For over a year, I've been updating my Eat What You Grow blog, encouraging and hopefully inspiring readers to try cooking with locally and seasonally grown produce. I live in an apartment in Seattle, so I don't have a lot of space to grow my own food. However, because I love to cook as well as save money, I am getting very interested in urban farming and the possibilities and opportunities growing your own food in the city allows. Just this morning I visited the West Seattle Farmer's market and bought a few herbs starts. On my little south facing deck, I am going to try and grow a wide assortment of herbs and, if I am lucky, persuade my neighbors to let me use their small garden space to grow some vegetables right outside my front door.
Grocery shopping today at Safeway I passed by the herb section, each herb nicely packed in to its tiny plastic container, neatly arranged one after another. They were $3 each! And while this doesn't seem like a lot of money, to me it is because I use so many different herbs in my cooking. In fact, there is no better way, no tastier way, to cook than by using a few fresh herbs. The plant starts I bought at the farmers market were also $3 each. Unlike using them through after one trip to the grocery store, I am hoping they will last me throughout the summer. I have three containers right now on my deck, with hopes of adding more. In my three small containers I have thyme, chevril, chives, dill, cilantro, lemon balm, and nasturtiums (which are peppery, you can eat their leaves and their flowers). Next, I would like to get a container going for lettuce as well as try growing something vertically to take advantage of even more deck space!

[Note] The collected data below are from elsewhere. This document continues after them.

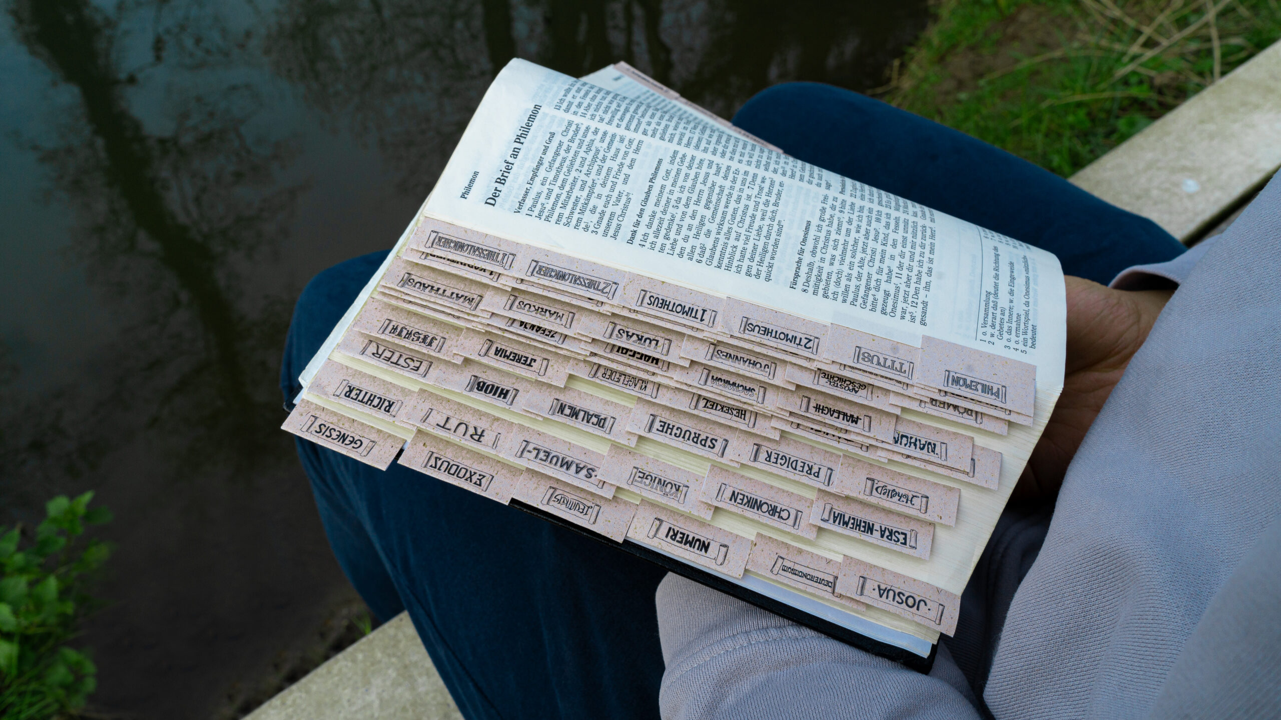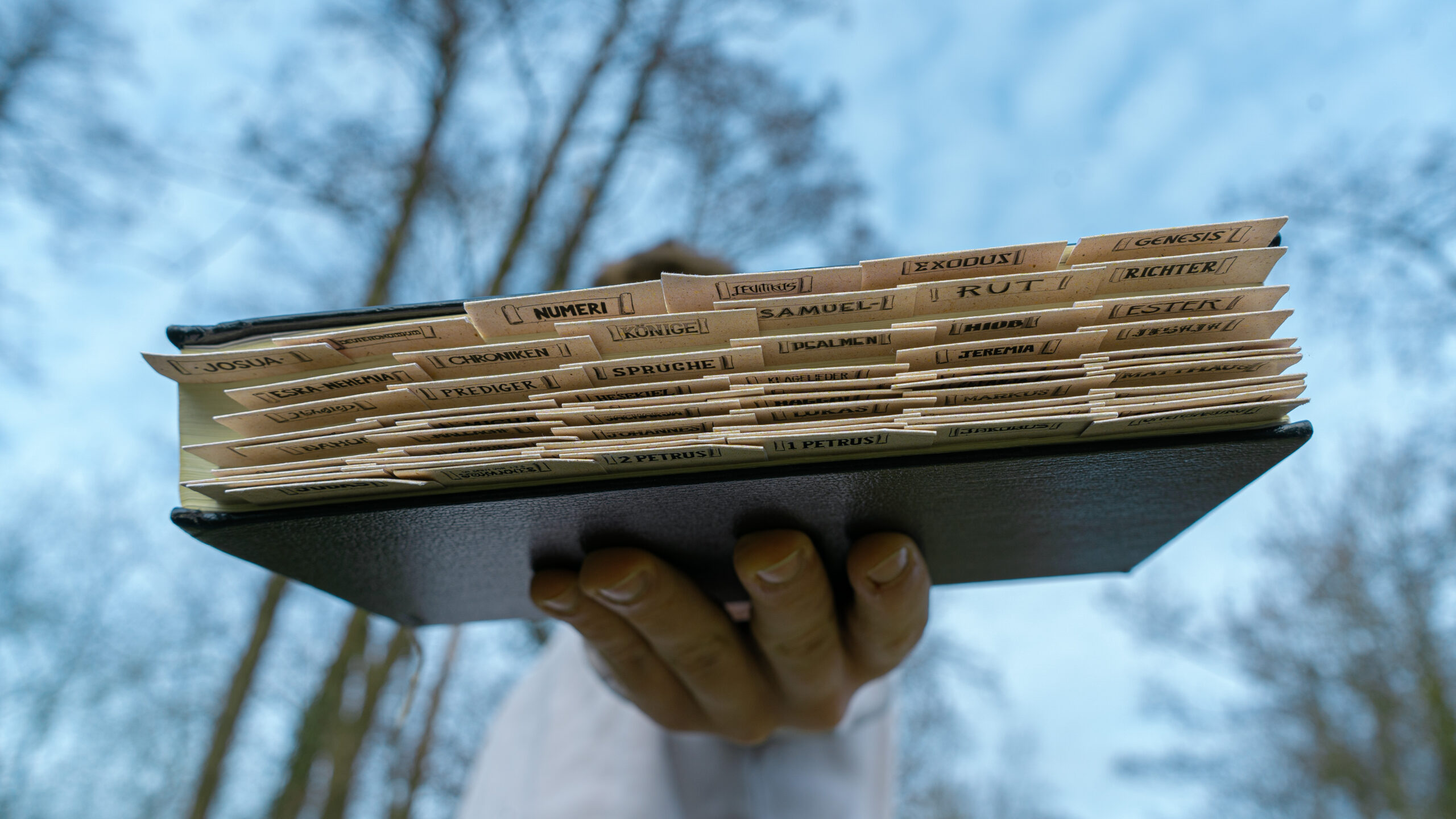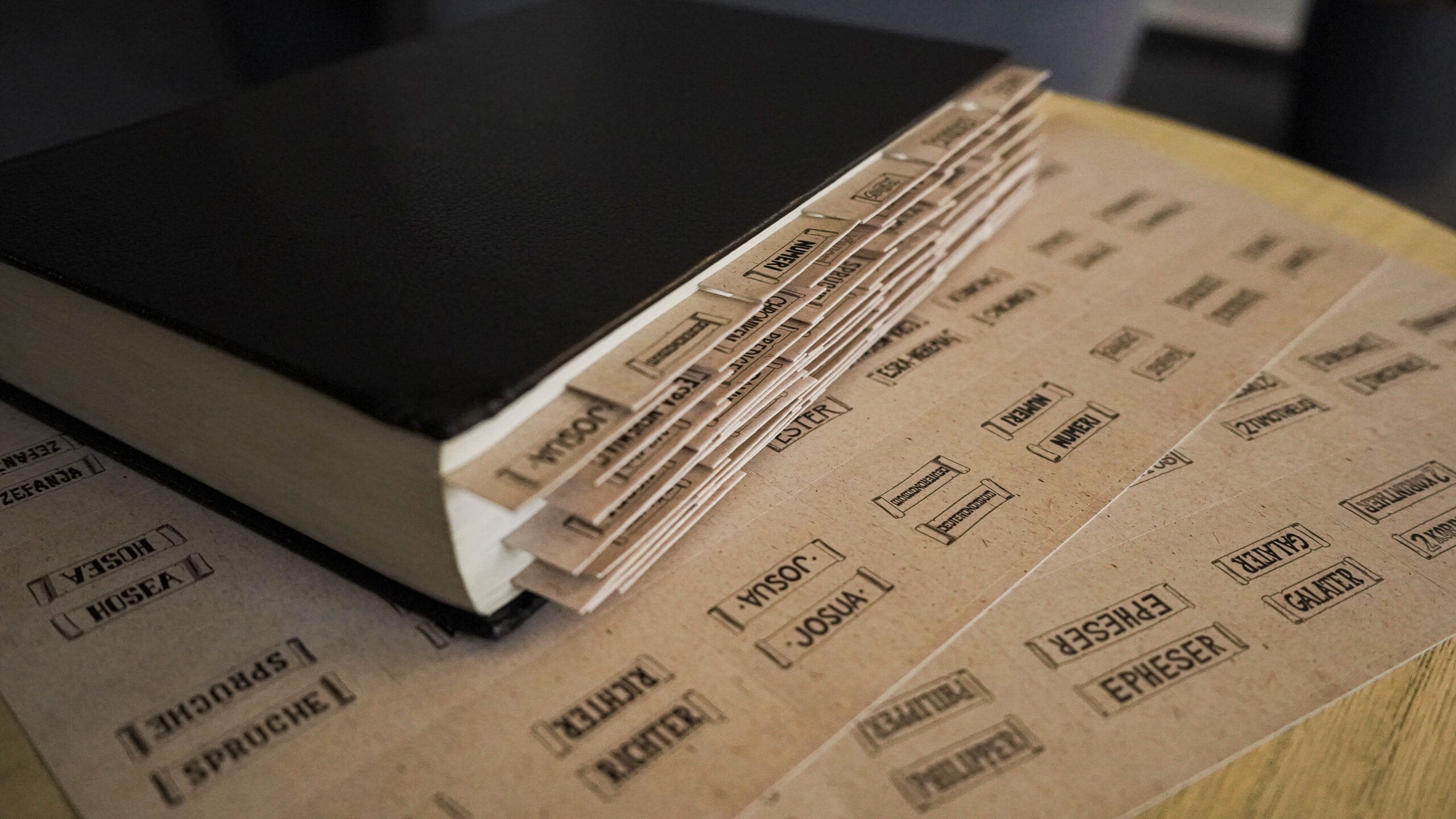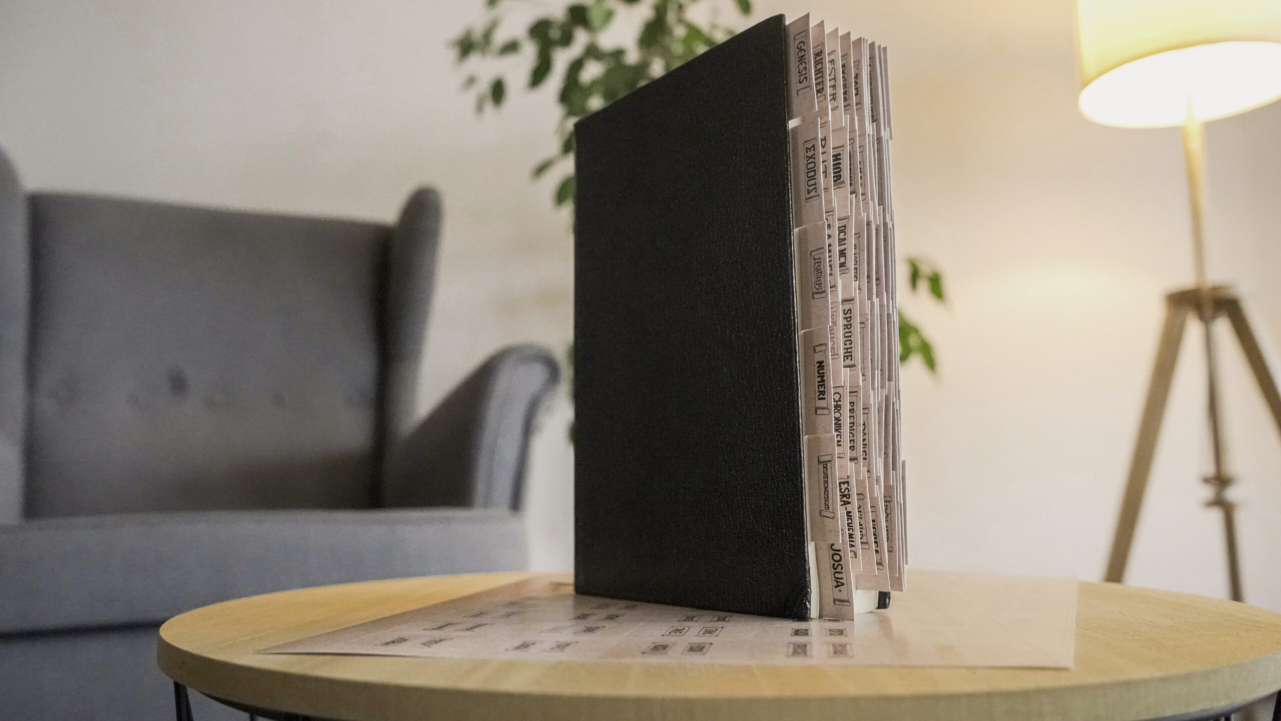 Die einzelnen Tabs für das Alte und Neue Testament sind alle gleich groß, bestehen aus verstärktem, vorgestanztem und selbstklebendem Papier; kein Schneiden, kein Kleben.
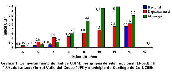 Este trabajo identifica la situación de las enfermedades más comunes en la cavidad oral de los escolares de Cali, que a nivel de países desarrollados ha mostrado una tendencia a la reducción, por los programas de fluorización y de higiene oral dirigidos a estos grupos poblacionales. Pese a que en Cali se han hecho múltiples esfuerzos por parte de la Secretaría de Salud Municipal para reducir los índices de caries y enfermedad periodontal se observa que en el grupo de 12 años el índice COP es 3.5, cuando en el ENSAB III se informó un valor de 1.7 para Cali, 2.3 para el nivel nacional, el estudio departamental de 2.65, ello indica que en este grupo de edad ha habido aumento en la historia de caries (Gráfica 1). Este valor es similar a los presentados en países como Ecuador (3) y las islas de San Vicente y Granadinas (3.2) en la región de las Américas6. A pesar de los esfuerzos a nivel municipal, las enfermedades de los dientes y estructuras de sostén siguen siendo las primeras causas de consulta externa, como lo informa Malambo7 para Bogotá.
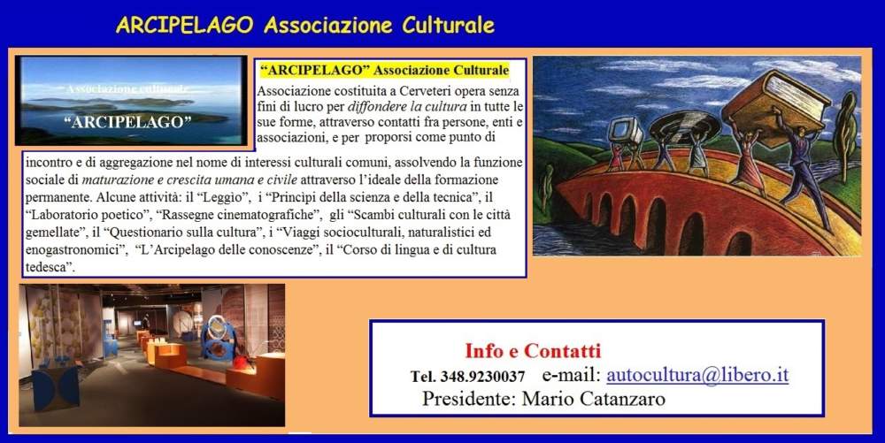 I nuovi incontri pubblici progettati e organizzati dall’Associazione culturale “Arcipelago” si tengono ogni mercoledì dalle ore 17 alle ore 19
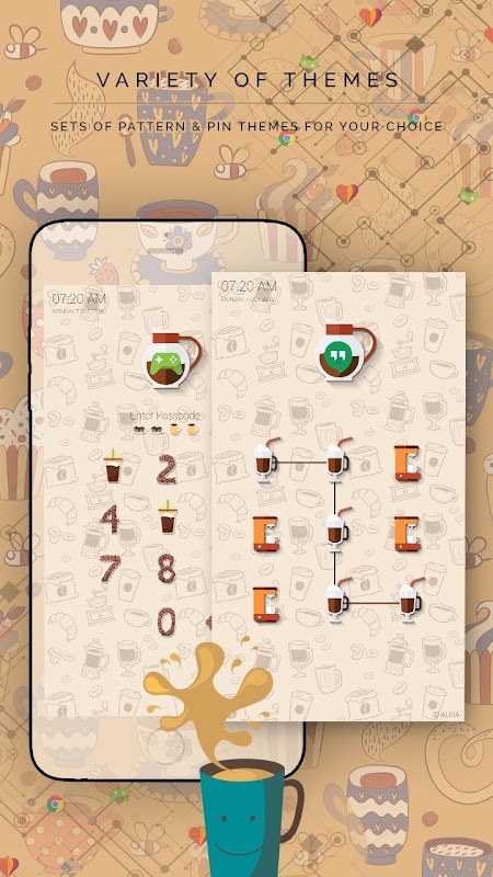 If you are searching for Coffee theme for applock then this app is best for you. Numeric Lock Screen & pattern lock screen in Coffee Theme.
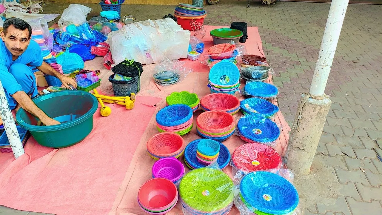Here there is also a special variety of plastic utensils which are used especially inside the house for eating food etc. So here people buy them and as you can see in the picture Here, the entire Friday market is spread over the road with a cloth.
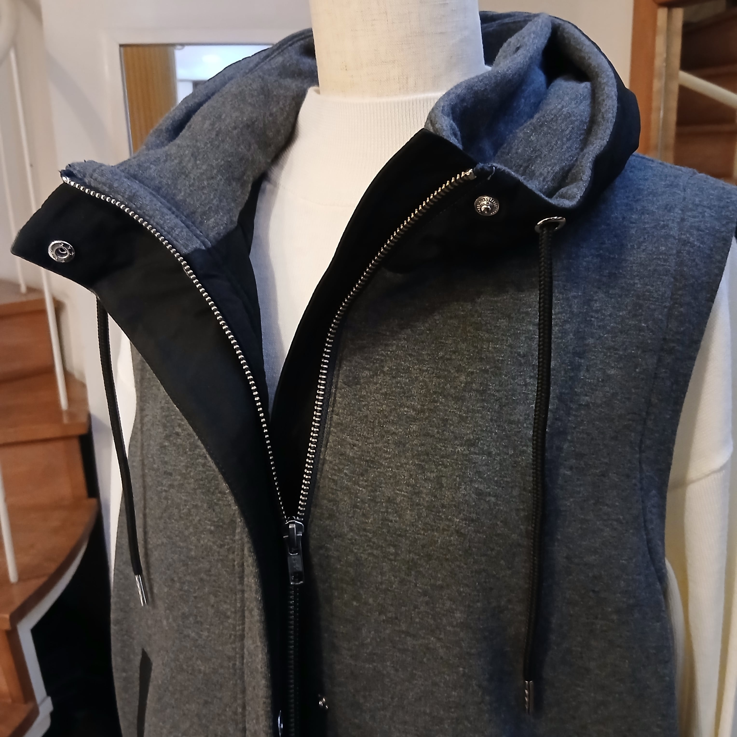2枚襟でフード風のボリュームネックで着るだけで首もとがキマるスタンドカラーベストです。
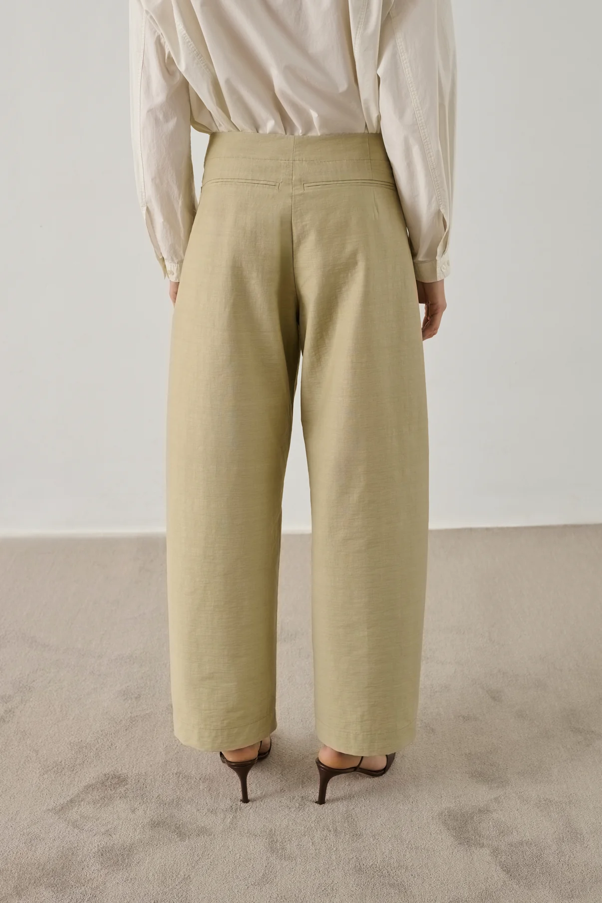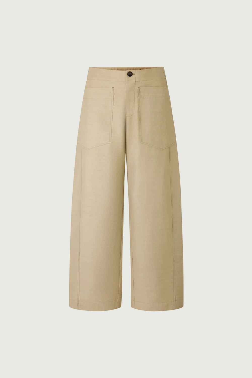 Pantalones  de corte amplio, perneras ligeramente redondeadas.
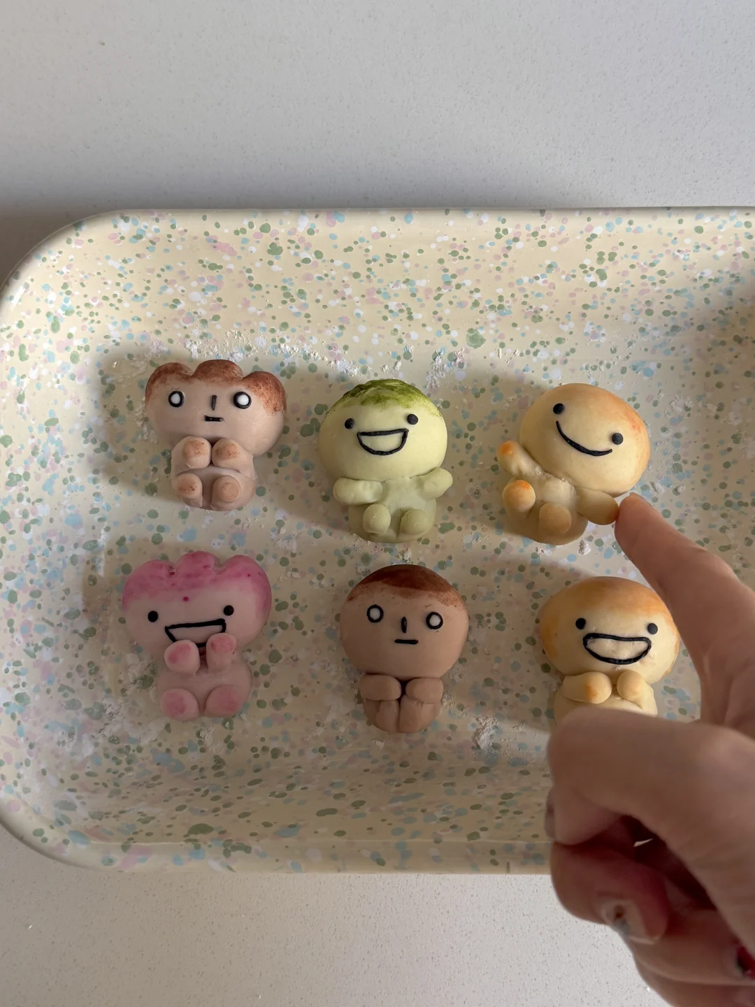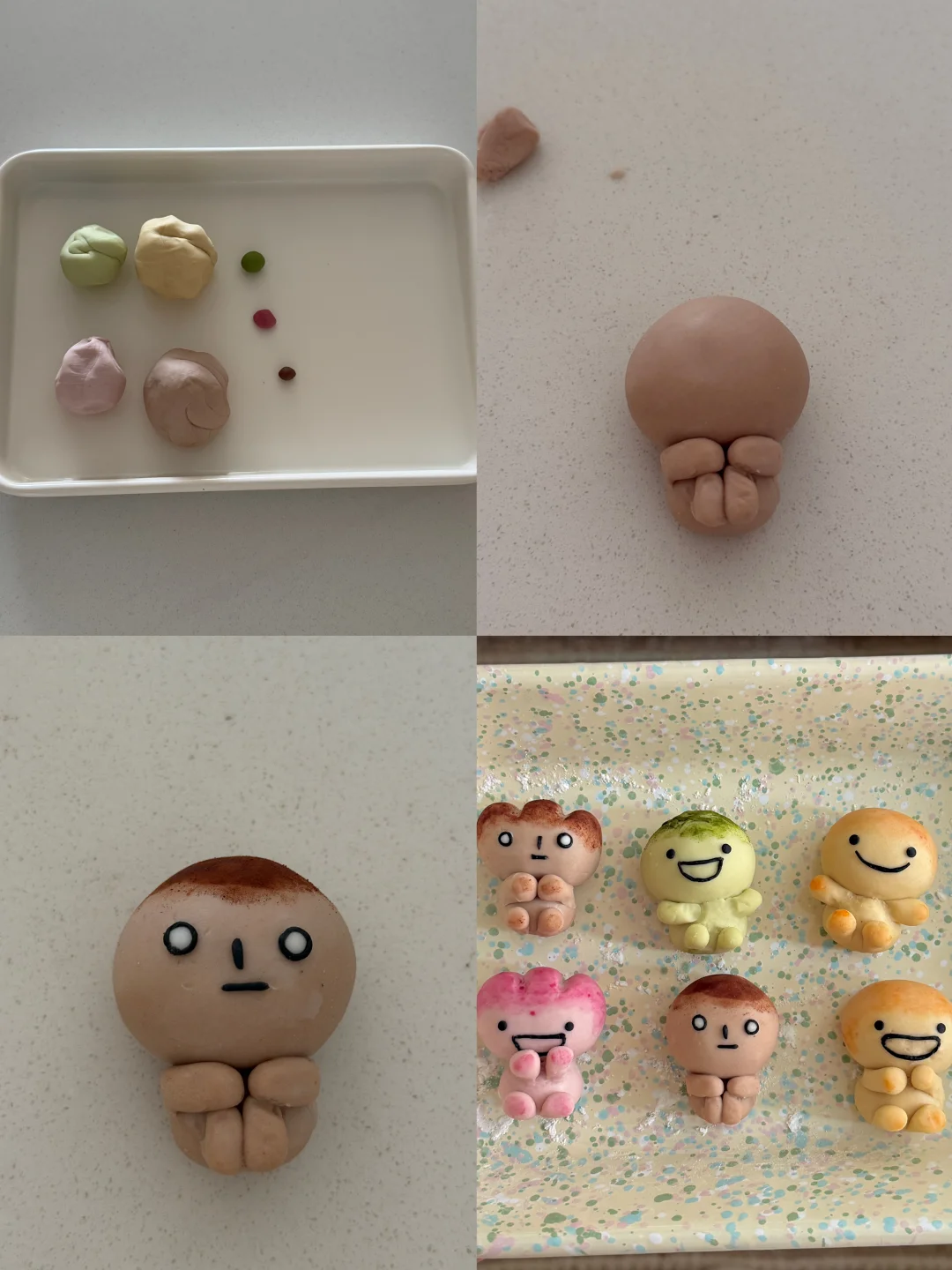 2️⃣面团调色:棕色:可可粉 黄色:南瓜粉 粉色:仙人掌果粉 绿色:抹茶粉 黑色:竹炭粉

There is much you can do at your home to eat fresh food and save money. I would recommend starting an herb garden today. Plant your herbs in containers or in a section of your garden that is close to where you walk, so you can observe your plants growing making it easier to ensure they stay watered and also making harvesting very simple. It is a fact, digging in the dirt makes people happier. If you are interested in urban farming, like I am, I would recommend reading this book, Backyard Homestead.